Basically what that classic piece of martial arts wisdom is saying is that even though styles often look different, they share many of the same core principles. If you were to progress far enough in your understanding of one or more arts, you could essentially understand the essence of all arts.
This notion seems a bit lofty for sure, especially when pulling together two arts like…say…BJJ and Taijichuan. Nevertheless, if you train long enough, you will start to have moments that make you wonder if it’s true after all.
I’d like to share an example of that.
If you recall back in the late 60s and early 70s there was both a boom of traditional martial arts around the world and a counterculture led by the man himself, Bruce Lee. The argument made by Bruce and many eclectic stylists after him was that traditional arts were much too rigid and formalized. They didn’t accurately represent the dynamics of combat.

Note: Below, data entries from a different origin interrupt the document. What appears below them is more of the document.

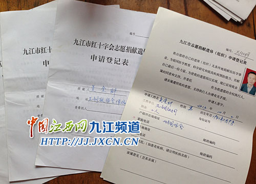 10时许,记者来到了吴金财位于九江浔安小区的家中,吴金财拿出3份《九江市红十字会志愿捐献遗体申请登记表》。“我申请捐献遗体好几年了,拿登记表都拿了好几份。”吴金财说,1996年,老伴去世后,他便去深圳打工,从那时起就萌发了捐献遗体的愿望。
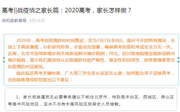 在疫情防控非常之时,合阳县教育局及时发出《致广大考生的一封信》《2020高考,家长怎样做?》等温馨提示,给家长和考生提出指导性建议,为考生加油鼓劲,提醒考生在高考时应该注意的相关事宜,祝愿广大考生在人生的重要转折点上,全力以赴,昂扬斗志,攀峰斩浪,取得理想成绩。同时向市民发出“夜间在小区和楼道放轻脚步,给考生提供安静的睡眠环境;在学校及周边人不吵闹、车不鸣笛;高考期间,尽量步行绿色出行”等倡议,为高考营造良好环境氛围。
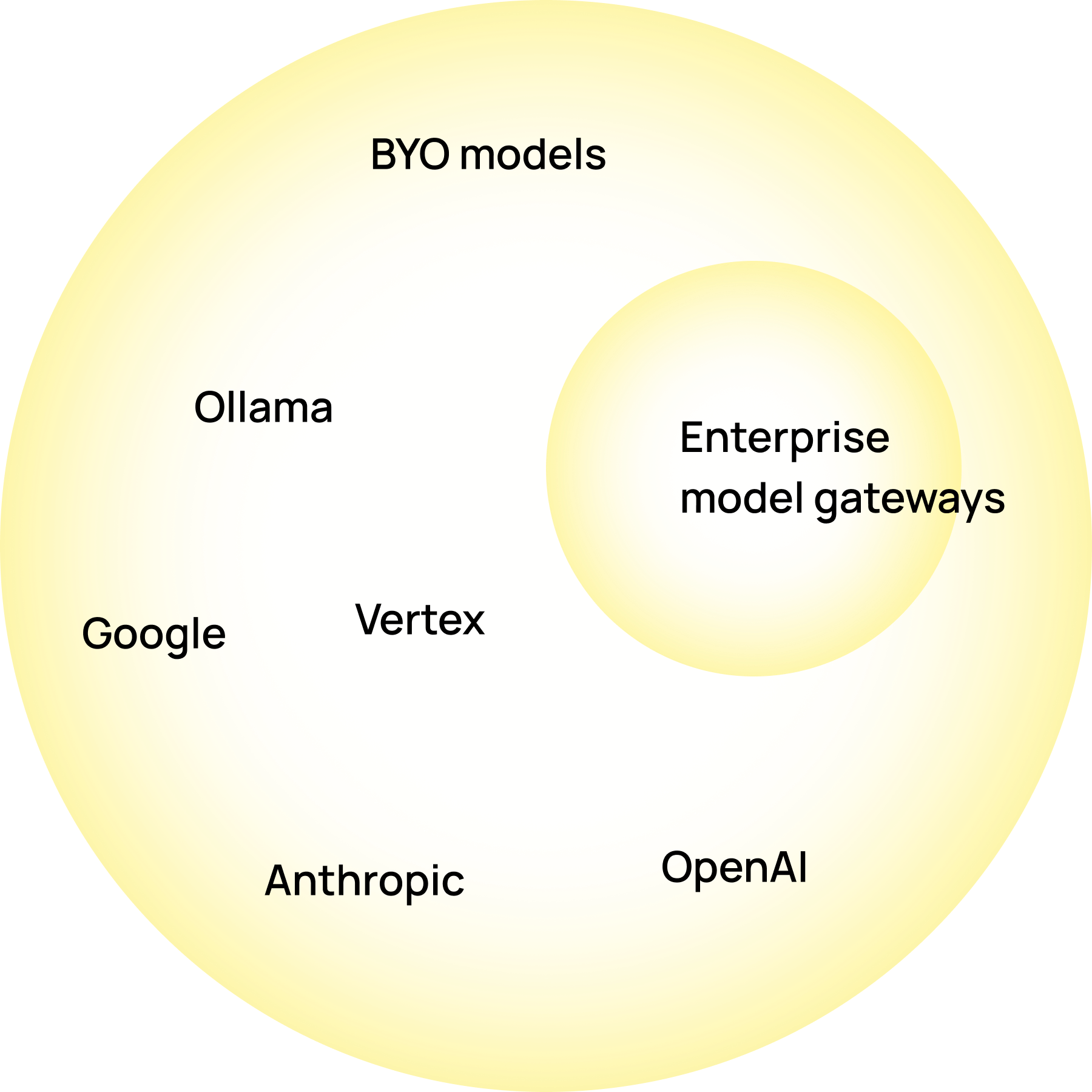 OpenAI, Google, or your own. Switch models for each case without rebuilding anything.
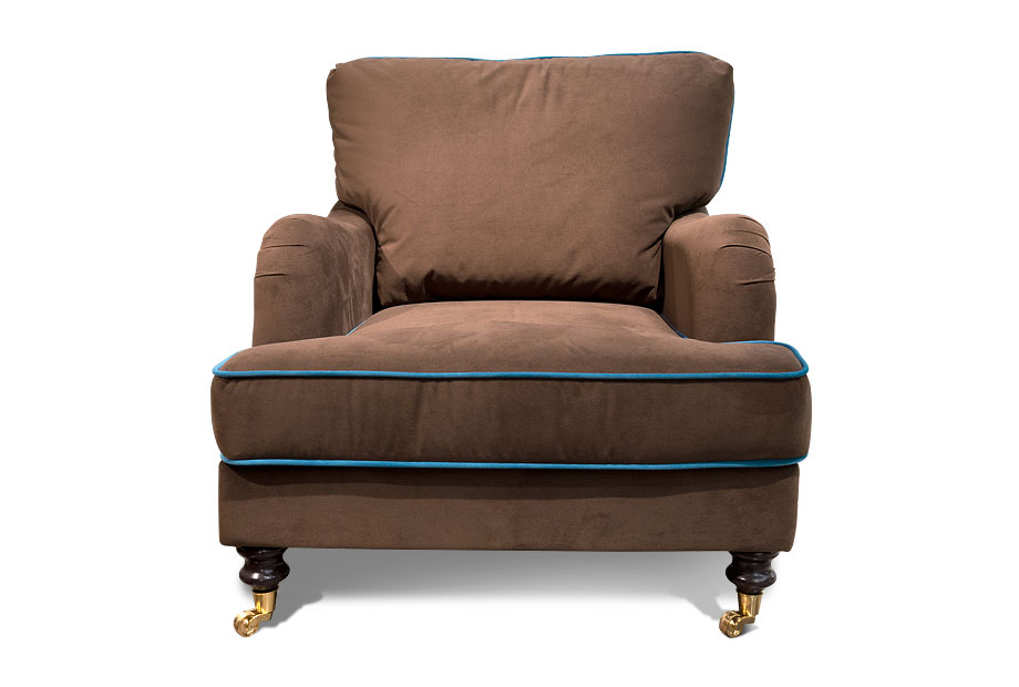 Классический дизайн кресла «Мишель» дополнен яркими оригинальными деталями: изогнутая форма подлокотников, точеные ножки и кант контрастного цвета. Вас покорит невероятная мягкость этого кресла, а благодаря экологически чистому наполнителю Вы можете не беспокоиться за здоровье своих близких. Глубокое посадочное место позволит с комфортом разместить на кресле перед камином. Отличным дополнением к данной модели стали колесики, которые позволят без труда переместить кресло в любую точку Вашего дома.

They also believed that their open mindedness and fluidity led them to certain discoveries that traditionalists would not be able to sink their teeth into.

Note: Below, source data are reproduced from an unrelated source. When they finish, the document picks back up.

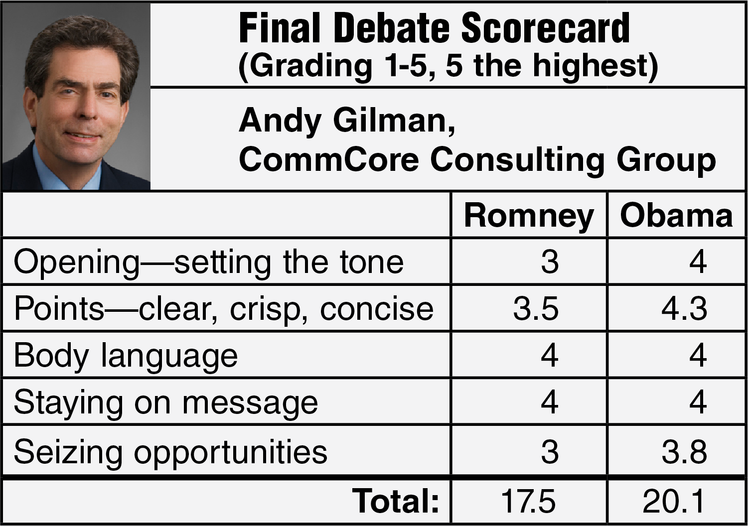 Gilman says body language was not an issue like it was during the first two debates. "Both Obama and Romney looked at one another often when making points, and each had normal and subtle gestures, unlike some of the finger pointing in the second debate," says Gilman.
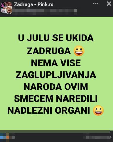 – U julu se ukida Zadruga! Nema više zaglupljivanja naroda ovim smećem, naredili nadležni organi – pisalo je u ovoj objavi koja je naišla na burne reakcije i pozitivne i negativne.
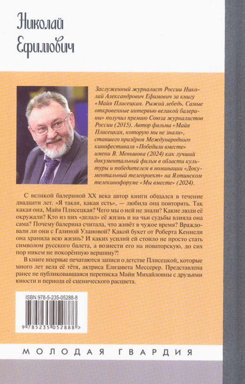 The author of this book spent twenty years communicating with the great ballerina of the 20th century. "I am what I am," she liked to say. So what was Maya Plisetskaya like? What didn't we know about her? What kind of people surrounded her? Which of them "shaped" her life, and whose destinies did she influence? Why did the ballerina feel she was living in the wrong time? Did she and Galina Ulanova feud? What bouquet from Robert Kennedy did she keep throughout her life? And what efforts did it take to become not just a symbol of Russian ballet, but to elevate it to a groundbreaking, hitherto unconquered height?

In some ways the eclectic stylists were (and still are) right – there are plenty of stodgy, banal, and outright ill-conceived traditional practices out there. But some eclectics also assumed too much in believing that they were discovering things that were unknown to the fighters of antiquity.
Observe in the following video a man named Paul Vunak. Paul is a skilled Jeet Kune Do practitioner who has trained under Dan Inosanto, one of Bruce Lee’s closest students and friends. Paul provides a few anecdotes about Bruce Lee (0-3:30), and then discusses the concept that there only three times you can hit an opponent: “before, during, and after”. Watch from 3:30-6 for the full idea of what he is discussing (video is a bit loud, perhaps turn down volume at first):
What Paul received from Bruce via Dan is the idea of striking an opponent before, during, or after the initial strike. It breaks down as such:
- BEFORE – As the opponent’s body prepares to attack, you preemptively strike him.

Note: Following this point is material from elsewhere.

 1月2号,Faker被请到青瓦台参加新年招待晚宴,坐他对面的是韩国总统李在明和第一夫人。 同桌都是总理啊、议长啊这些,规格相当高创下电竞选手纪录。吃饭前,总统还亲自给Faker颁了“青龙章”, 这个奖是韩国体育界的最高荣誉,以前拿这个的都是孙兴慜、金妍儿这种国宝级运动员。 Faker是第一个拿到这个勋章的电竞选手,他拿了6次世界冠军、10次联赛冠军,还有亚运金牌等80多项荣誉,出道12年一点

- DURING – As the opponent strikes at you, you in turn strike at him but achieve victory through body position.
- AFTER – As the opponent strikes at you, you deflect or dodge and then send a returning blow.
This is a great concept if you ask me. It’s great according to old school Wado Ryu Karate too. Check this out (video is quiet, turn volume back up):
As demonstrated by Tatsuo Suzuki Sensei, there are three times to strike an opponent:
- SEN SEN NO SEN – As the opponent commits to an attack mentally and gears himself physically, you preemptively strike.
- SEN NO SEN – As the opponent creates his attack, you attack simultaneously in a seeming aiuchi (mutual slaying) but best the opponent through skill.
- GO NO SEN – As the opponent attacks, you avoid or block the technique and return with a counterstrike.
These classical terms are not specific to karate. In the video above the narrator mentions briefly that jujutsu also utilizes them. Not discussed is the importance of SEN in the art of kendo as well. In fact, there are perhaps no arts where the razor thin difference of each SEN is more critical.
Observe the strikes in this kendo match, and see if you can determine which SEN is used:
If you’re able to compute SEN and execute as fast as these kendo players, you’re on your way to becoming a fine martial artist indeed.
One final example comes from the book “Living the Martial Way” (pg. 95 to be exact). In it, author Forrest Morgan discusses a meeting he had with an old expert. One might assume the expert was a Korean stylist as that was Morgan’s background, but we can’t be sure. The old man stated that there are three ways to handle an attack: avoid, evade, or intercept.
- INTERCEPT – As the opponent begins his attack you overwhelm it with your own focus.
- EVADE – As the attack comes in you parry but stay inside the strike range for a counter.
- AVOID – As the attack comes in you remove yourself from danger.
This methodology doesn’t line up verbatim with the previous two, but very much expresses the same ideas. In fact, if you watch the Wado Ryu video again, you’ll see all three of these concepts in play during Sen Sen no Sen, Sen no Sen, and Go no Sen.
I’ve Got It, You’ve Got It
Sometimes methodologies ring true no matter what your style. And, when practiced with vigor, even allow us to share commonalities in our training.
The big question at this point isn’t whether or not your system of martial arts has “before, during, and after”, but moreso how do they go about saying it? (and if they don’t say it, how can YOU go about saying it?).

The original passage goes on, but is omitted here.